● **WORK TASK**: Print exactly, and only, the lines from the one containing "6. Отрежем розовую резинку носка." through the last line of the records below, both included; leave out the pictures.

--- MATERIALS PROVIDED Enclosed Below ---

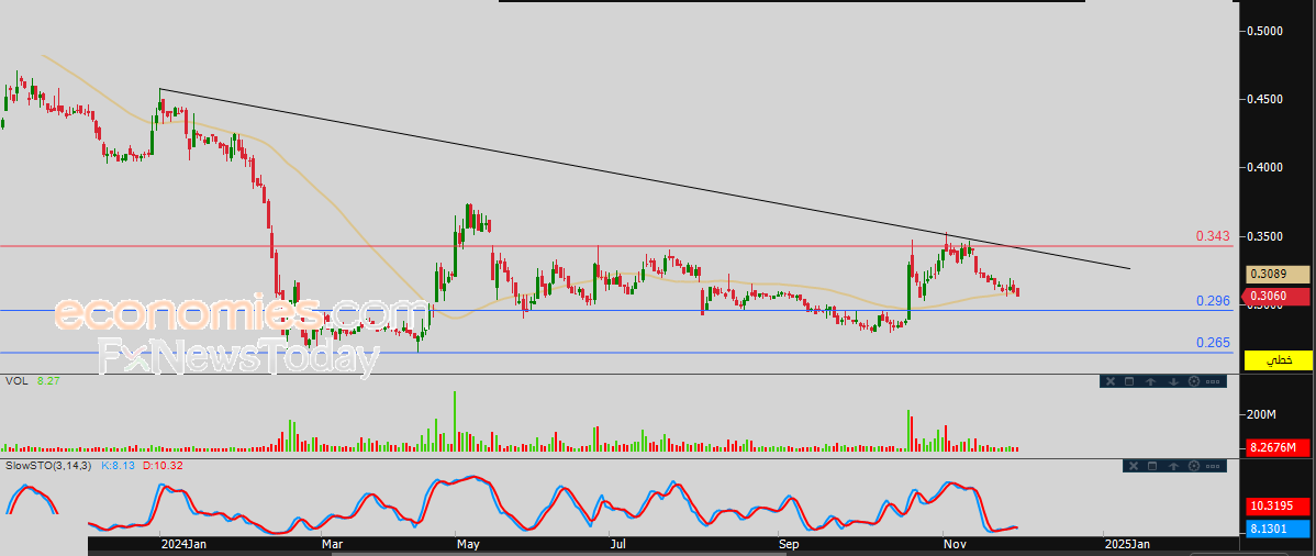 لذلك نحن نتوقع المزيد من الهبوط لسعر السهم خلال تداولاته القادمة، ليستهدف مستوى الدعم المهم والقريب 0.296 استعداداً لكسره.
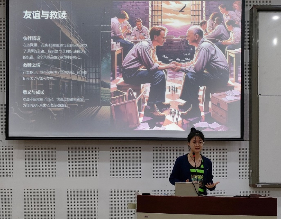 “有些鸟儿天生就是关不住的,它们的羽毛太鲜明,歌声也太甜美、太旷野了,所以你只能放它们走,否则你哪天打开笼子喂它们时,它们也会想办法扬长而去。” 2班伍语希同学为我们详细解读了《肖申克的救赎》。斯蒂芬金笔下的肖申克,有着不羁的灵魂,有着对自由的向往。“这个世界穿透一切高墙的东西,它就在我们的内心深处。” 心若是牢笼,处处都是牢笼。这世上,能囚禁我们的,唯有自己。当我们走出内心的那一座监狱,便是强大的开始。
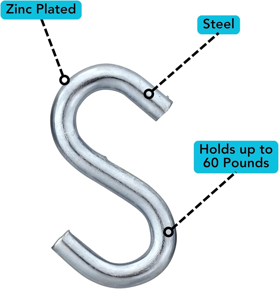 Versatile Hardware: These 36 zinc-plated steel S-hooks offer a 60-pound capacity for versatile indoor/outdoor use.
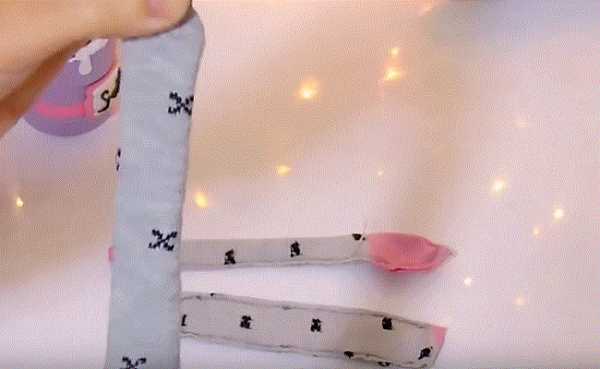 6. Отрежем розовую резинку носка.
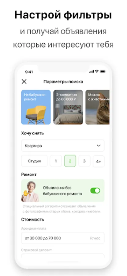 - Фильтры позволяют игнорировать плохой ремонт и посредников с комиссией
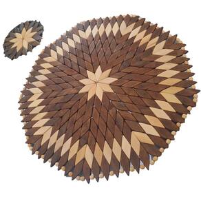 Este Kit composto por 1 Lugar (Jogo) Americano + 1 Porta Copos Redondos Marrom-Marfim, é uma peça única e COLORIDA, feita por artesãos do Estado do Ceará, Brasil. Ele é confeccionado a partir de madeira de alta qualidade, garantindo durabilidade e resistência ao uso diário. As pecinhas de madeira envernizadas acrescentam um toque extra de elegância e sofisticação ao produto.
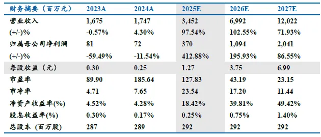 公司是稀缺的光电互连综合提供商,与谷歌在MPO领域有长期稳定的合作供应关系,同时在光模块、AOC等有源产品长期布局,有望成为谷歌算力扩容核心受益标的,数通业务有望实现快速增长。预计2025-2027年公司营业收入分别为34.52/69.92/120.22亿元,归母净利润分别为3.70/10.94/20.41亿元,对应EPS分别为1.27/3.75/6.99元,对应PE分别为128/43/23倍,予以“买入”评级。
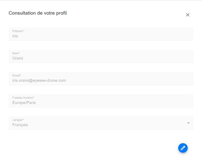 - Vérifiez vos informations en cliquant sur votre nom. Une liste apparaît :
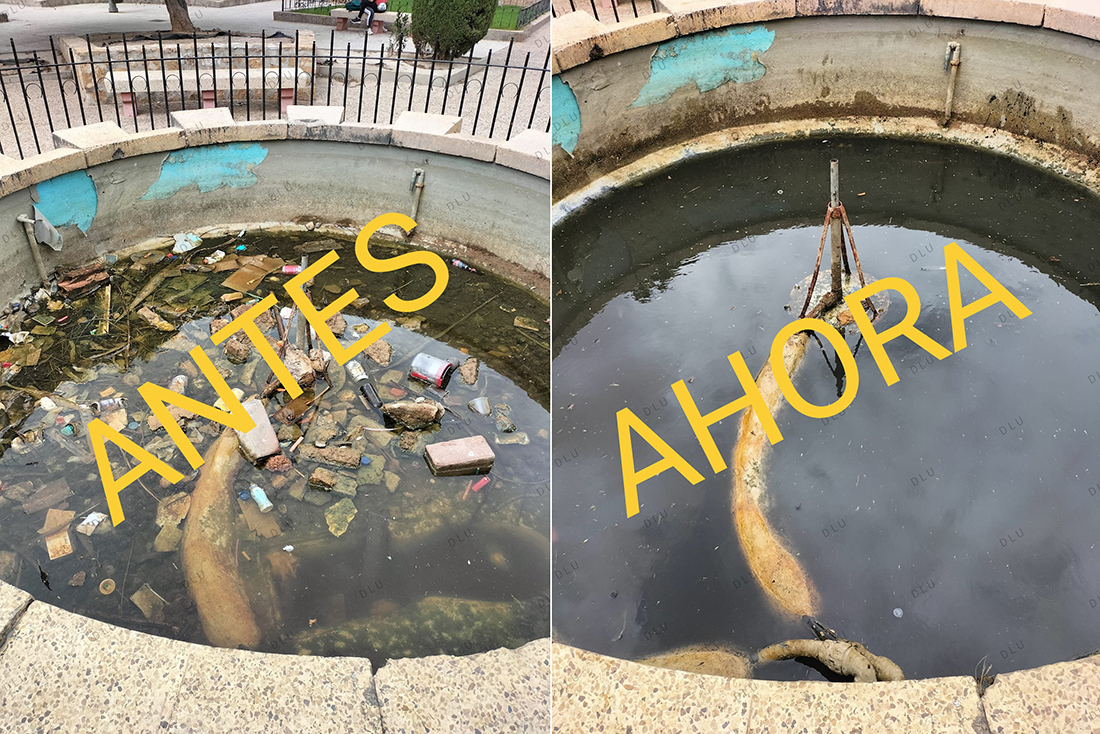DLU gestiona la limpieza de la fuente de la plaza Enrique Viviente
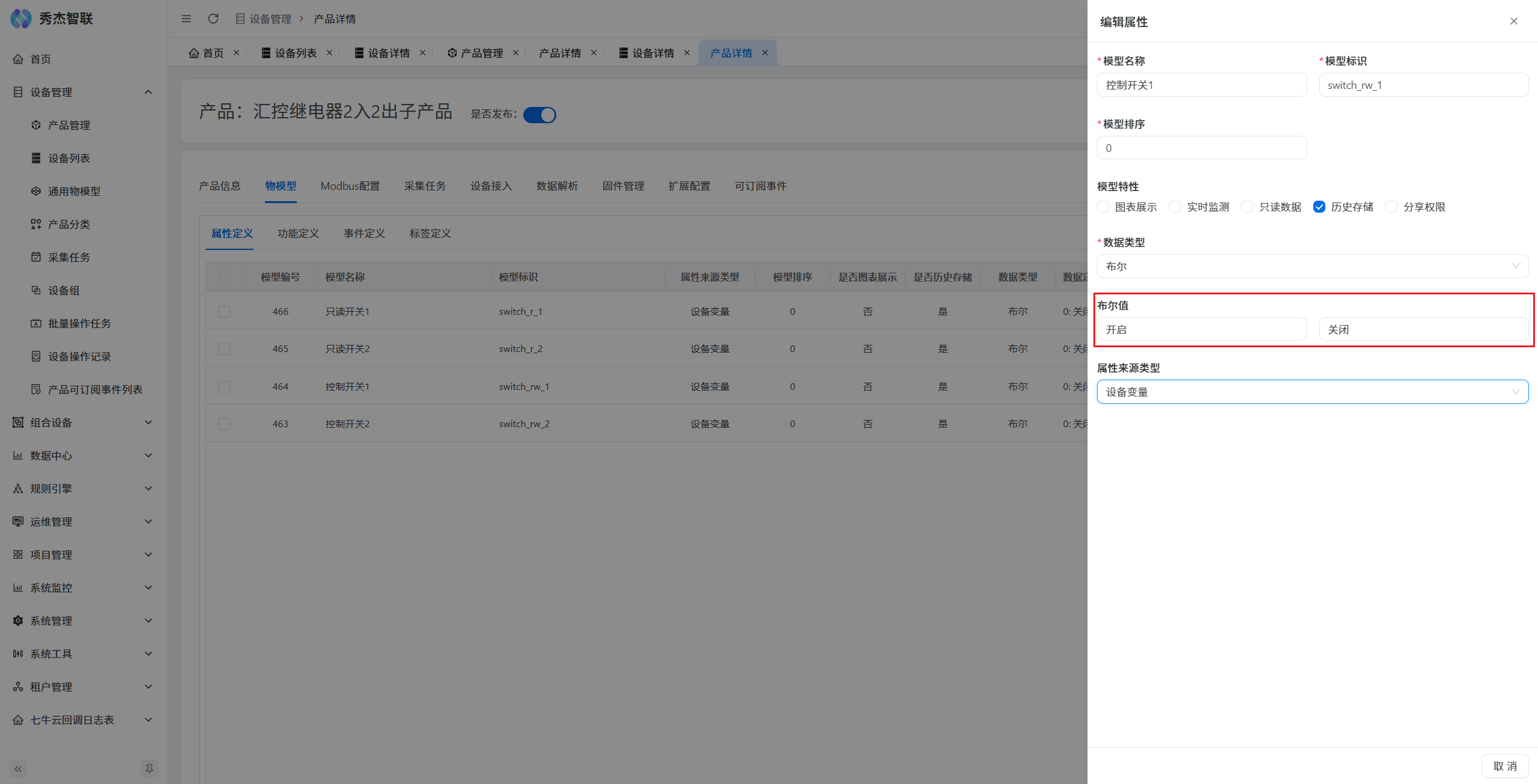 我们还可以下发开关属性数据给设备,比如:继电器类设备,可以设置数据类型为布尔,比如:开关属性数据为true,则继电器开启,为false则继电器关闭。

--- End of Enclosed MATERIALS PROVIDED ---

● **SOLUTION TO THIS EXERCISE**:
 6. Отрежем розовую резинку носка.
 - Фильтры позволяют игнорировать плохой ремонт и посредников с комиссией
 Este Kit composto por 1 Lugar (Jogo) Americano + 1 Porta Copos Redondos Marrom-Marfim, é uma peça única e COLORIDA, feita por artesãos do Estado do Ceará, Brasil. Ele é confeccionado a partir de madeira de alta qualidade, garantindo durabilidade e resistência ao uso diário. As pecinhas de madeira envernizadas acrescentam um toque extra de elegância e sofisticação ao produto.
 公司是稀缺的光电互连综合提供商,与谷歌在MPO领域有长期稳定的合作供应关系,同时在光模块、AOC等有源产品长期布局,有望成为谷歌算力扩容核心受益标的,数通业务有望实现快速增长。预计2025-2027年公司营业收入分别为34.52/69.92/120.22亿元,归母净利润分别为3.70/10.94/20.41亿元,对应EPS分别为1.27/3.75/6.99元,对应PE分别为128/43/23倍,予以“买入”评级。
 - Vérifiez vos informations en cliquant sur votre nom. Une liste apparaît :
DLU gestiona la limpieza de la fuente de la plaza Enrique Viviente
 我们还可以下发开关属性数据给设备,比如:继电器类设备,可以设置数据类型为布尔,比如:开关属性数据为true,则继电器开启,为false则继电器关闭。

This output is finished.